The federal government substantially lowered its estimate of how much the U.S. economy grew in the fourth quarter to reflect more comprehensive data showing consumer spending grew more slowly than first thought.
Real gross domestic product – the output of goods and services produced by labor and property located in the United States adjusted for inflation – increased at an annual rate of 2.4 percent in the fourth quarter of 2013 (that is, from the third quarter to the fourth quarter), according to the “second” estimate released Friday by the Bureau of Economic Analysis. In the third quarter, real GDP increased 4.1 percent. Friday‘s GDP estimate is based on more complete source data than were available for the “advance” estimate issued last month. In the advance estimate, the increase in real GDP was 3.2 percent. With this second estimate for the fourth quarter, an increase in personal consumption expenditures (PCE) was smaller than previously estimated.

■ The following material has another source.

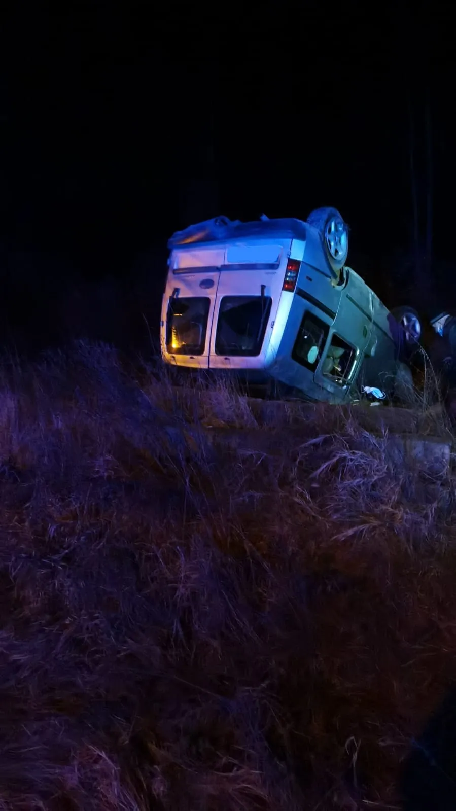 Este vorba despre un accident rutier, un autoturism răsturnat.

BEA now estimates that real GDP increased 1.9 percent in 2013, compared with 2.8 percent in 2012. When expressed in current dollars, current-dollar GDP increased 3.4 percent compared with an increase of 4.6 percent in 2012. The deceleration in growth in 2013 primarily reflected slower growth in nonresidential fixed investment, a larger decrease in federal government spending, and decelerations in PCE and in exports that were partly offset by a deceleration in imports and a smaller decrease in state and local government spending.